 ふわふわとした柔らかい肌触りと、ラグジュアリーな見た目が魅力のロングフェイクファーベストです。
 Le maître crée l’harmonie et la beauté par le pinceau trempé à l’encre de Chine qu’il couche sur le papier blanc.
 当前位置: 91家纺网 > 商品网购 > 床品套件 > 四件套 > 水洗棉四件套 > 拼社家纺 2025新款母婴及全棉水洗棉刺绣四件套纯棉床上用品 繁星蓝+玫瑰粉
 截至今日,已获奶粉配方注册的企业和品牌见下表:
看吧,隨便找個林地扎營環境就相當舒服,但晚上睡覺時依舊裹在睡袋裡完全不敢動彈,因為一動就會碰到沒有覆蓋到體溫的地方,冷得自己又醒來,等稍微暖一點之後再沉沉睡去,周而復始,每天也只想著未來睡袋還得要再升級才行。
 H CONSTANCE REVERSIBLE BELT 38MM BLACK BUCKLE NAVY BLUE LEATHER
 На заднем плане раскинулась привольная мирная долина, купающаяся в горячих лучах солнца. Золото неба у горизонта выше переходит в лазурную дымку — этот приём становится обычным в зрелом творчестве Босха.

---

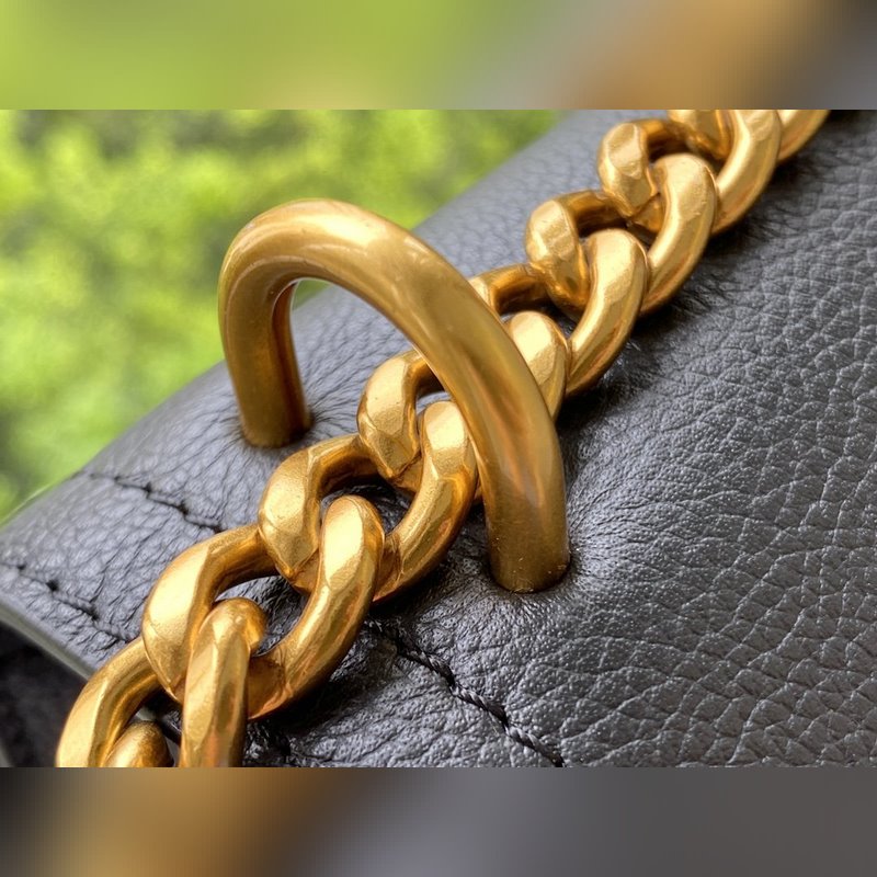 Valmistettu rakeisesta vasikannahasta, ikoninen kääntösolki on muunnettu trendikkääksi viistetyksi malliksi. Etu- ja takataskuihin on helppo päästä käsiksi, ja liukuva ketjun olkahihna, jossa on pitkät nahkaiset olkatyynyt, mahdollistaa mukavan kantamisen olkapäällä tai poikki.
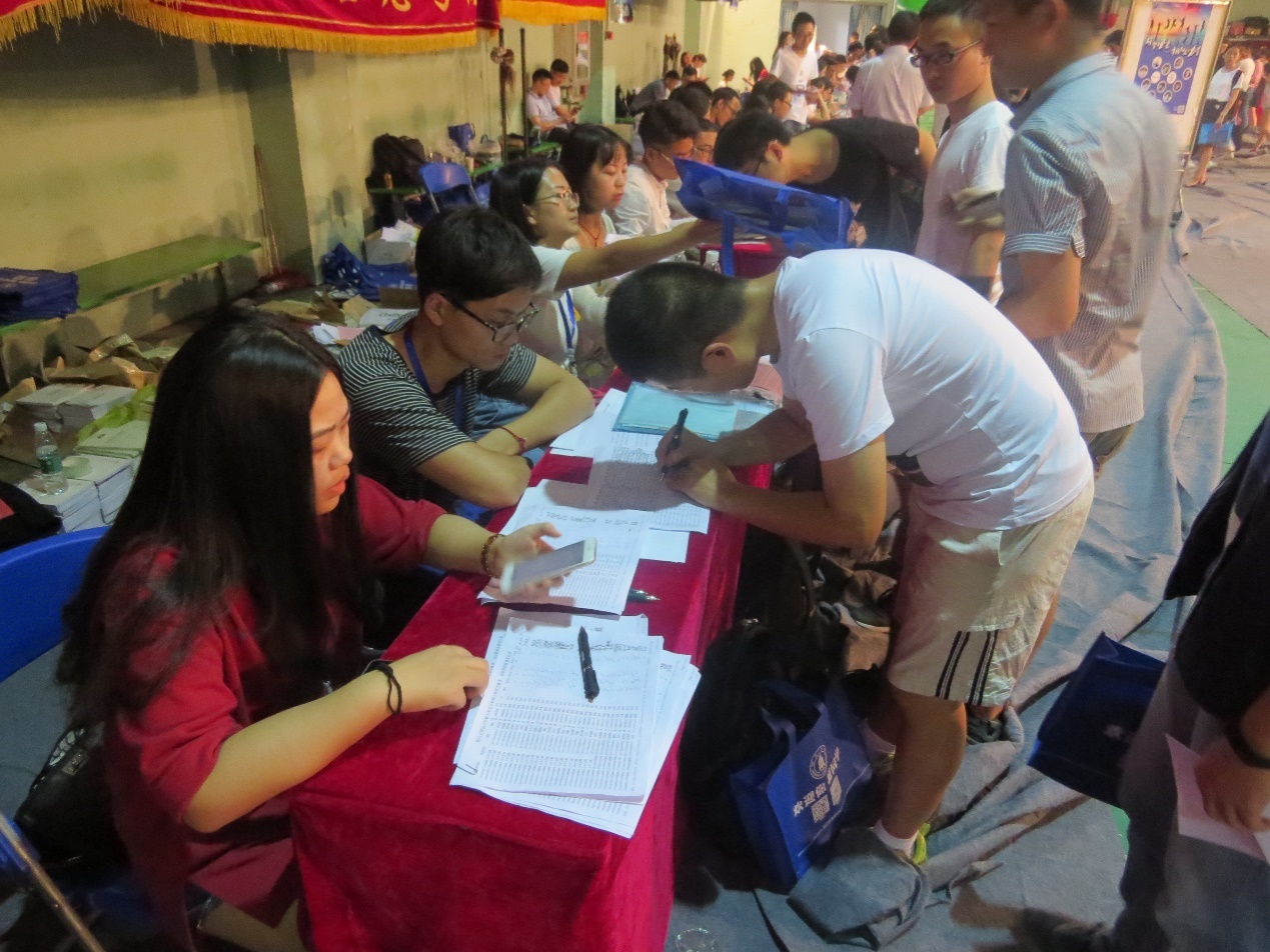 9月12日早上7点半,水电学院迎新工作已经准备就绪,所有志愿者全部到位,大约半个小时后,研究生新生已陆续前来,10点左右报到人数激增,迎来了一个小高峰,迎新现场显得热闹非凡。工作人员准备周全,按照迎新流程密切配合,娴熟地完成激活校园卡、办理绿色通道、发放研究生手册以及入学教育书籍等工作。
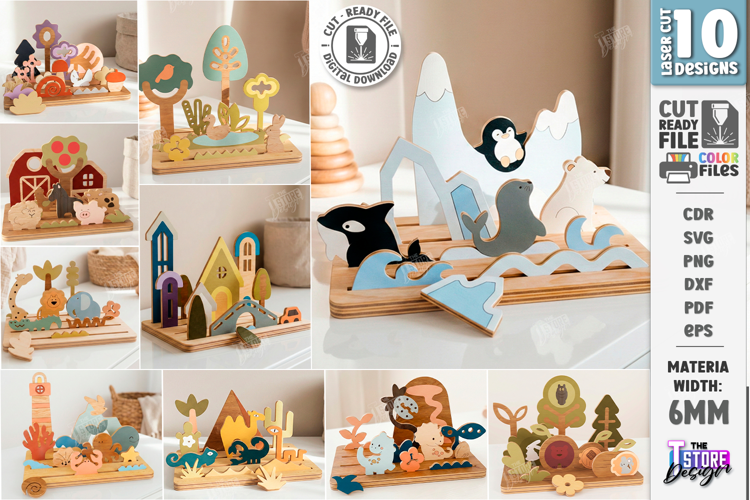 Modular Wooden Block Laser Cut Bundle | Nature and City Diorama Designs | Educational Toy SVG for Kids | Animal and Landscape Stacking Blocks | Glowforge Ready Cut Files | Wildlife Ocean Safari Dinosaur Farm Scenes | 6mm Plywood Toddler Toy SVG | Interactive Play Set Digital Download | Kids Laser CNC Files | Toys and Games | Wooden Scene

--

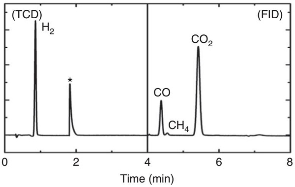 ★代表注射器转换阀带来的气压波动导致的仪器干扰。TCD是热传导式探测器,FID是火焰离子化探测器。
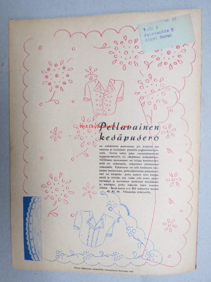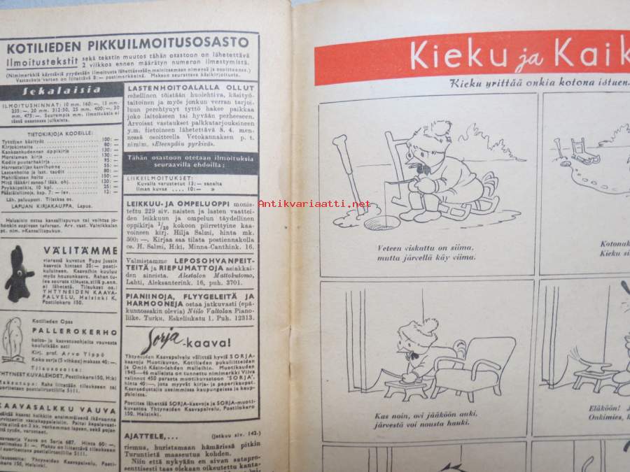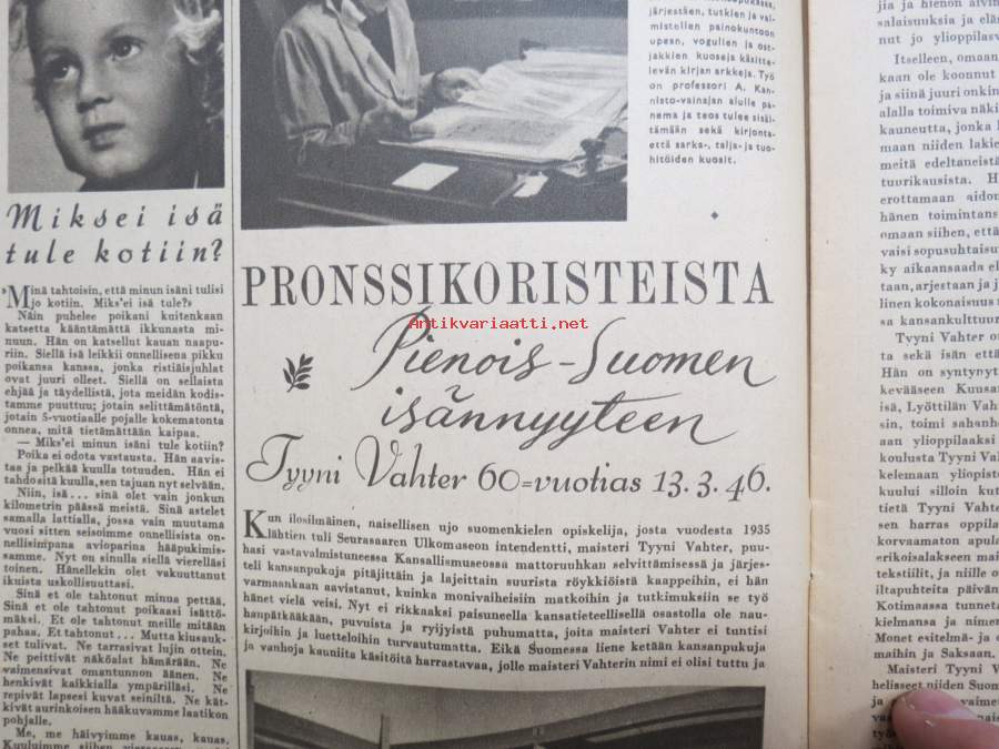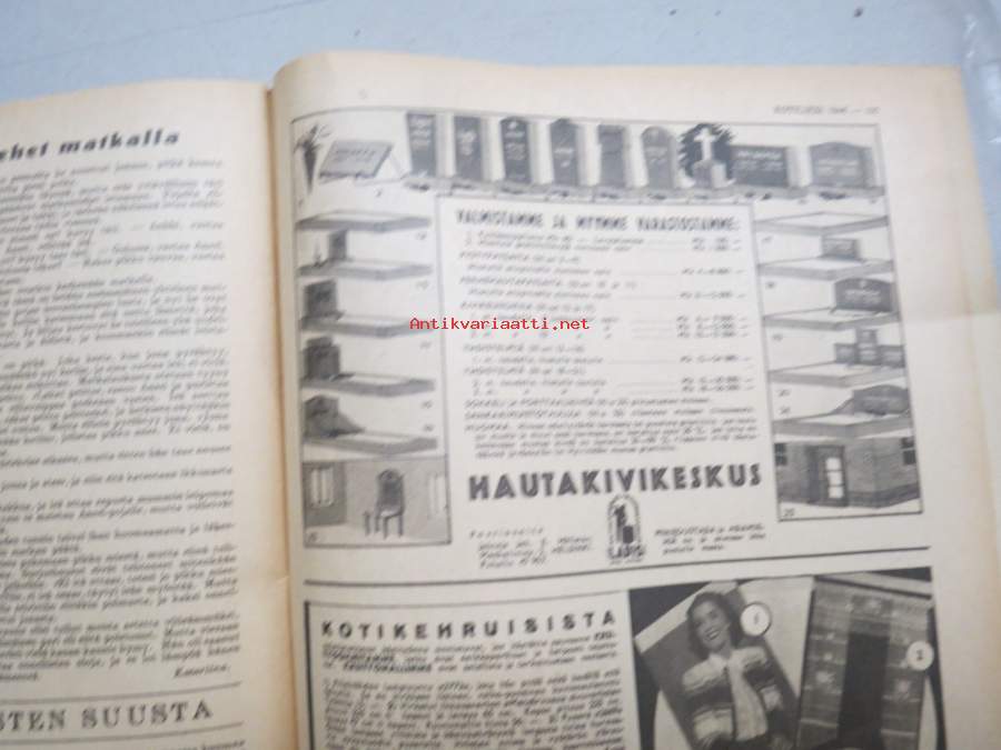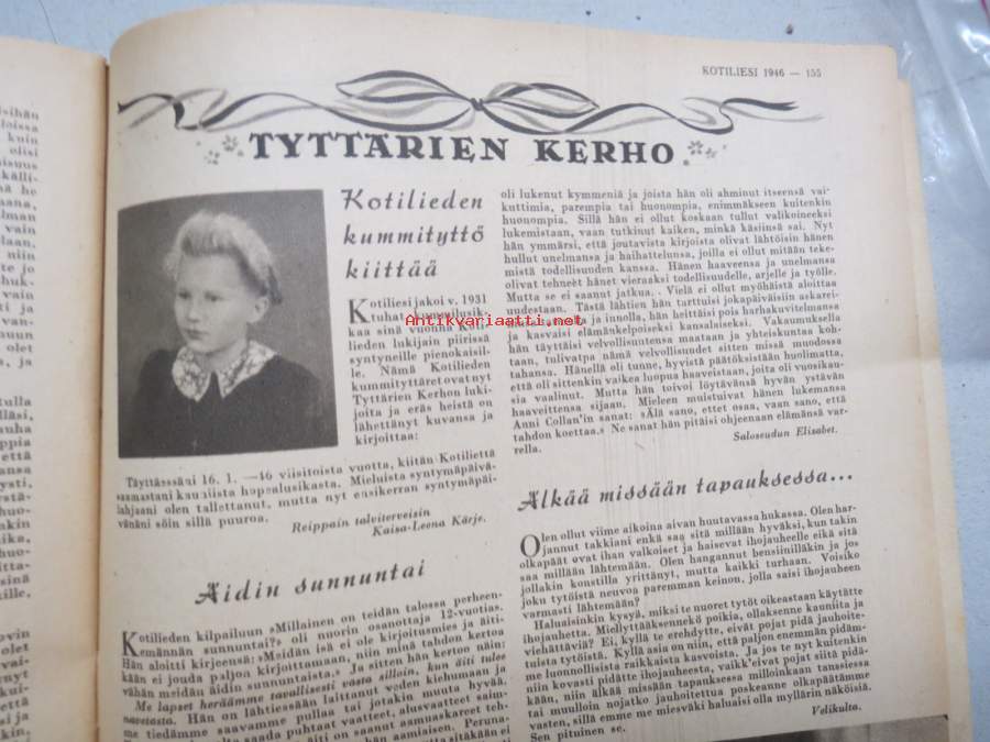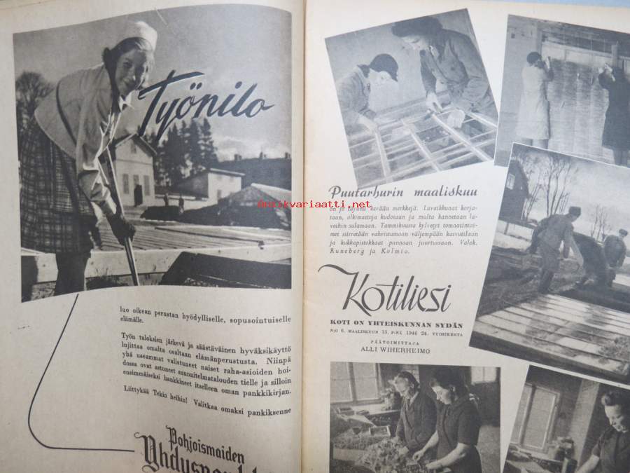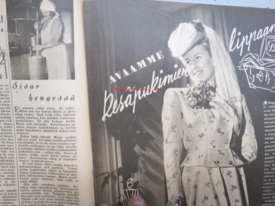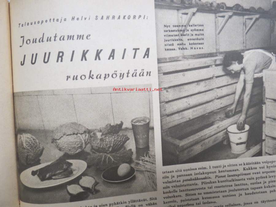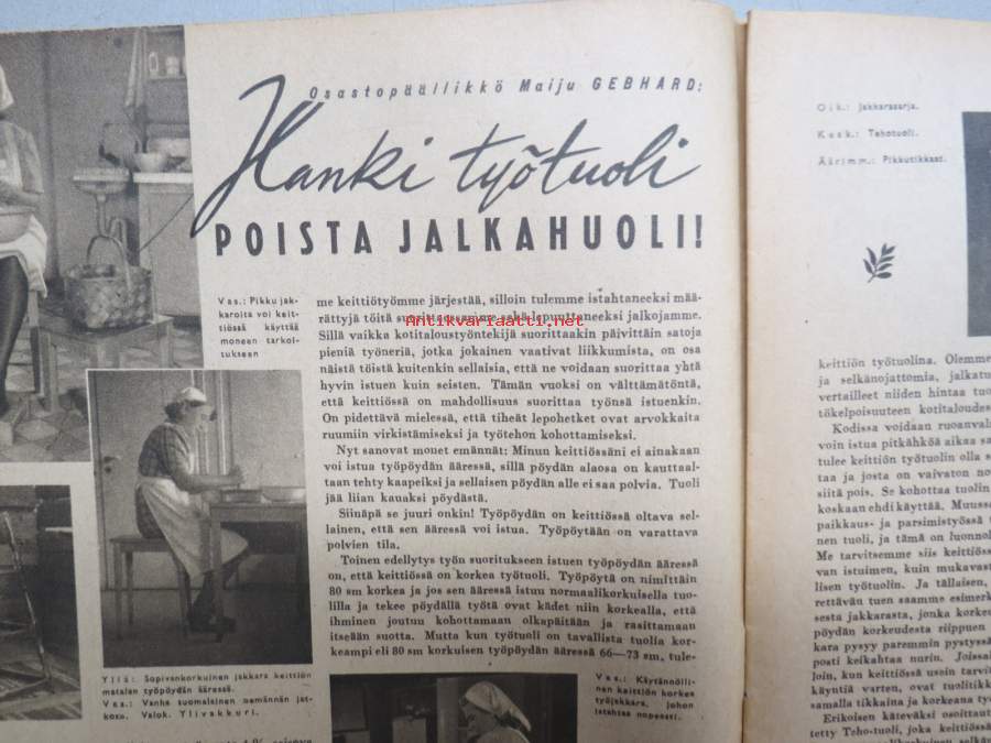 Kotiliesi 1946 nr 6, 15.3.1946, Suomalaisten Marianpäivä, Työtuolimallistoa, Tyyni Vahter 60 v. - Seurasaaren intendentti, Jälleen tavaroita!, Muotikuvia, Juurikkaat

:: About this task ::
Looking at the data above, write out exactly the lines that start at the one containing "当前位置: 91家纺网 >" and end at the one containing "H CONSTANCE REVERSIBLE"; include both and nothing beyond.

:: Result ::
 当前位置: 91家纺网 > 商品网购 > 床品套件 > 四件套 > 水洗棉四件套 > 拼社家纺 2025新款母婴及全棉水洗棉刺绣四件套纯棉床上用品 繁星蓝+玫瑰粉
 截至今日,已获奶粉配方注册的企业和品牌见下表:
看吧,隨便找個林地扎營環境就相當舒服,但晚上睡覺時依舊裹在睡袋裡完全不敢動彈,因為一動就會碰到沒有覆蓋到體溫的地方,冷得自己又醒來,等稍微暖一點之後再沉沉睡去,周而復始,每天也只想著未來睡袋還得要再升級才行。
 H CONSTANCE REVERSIBLE BELT 38MM BLACK BUCKLE NAVY BLUE LEATHER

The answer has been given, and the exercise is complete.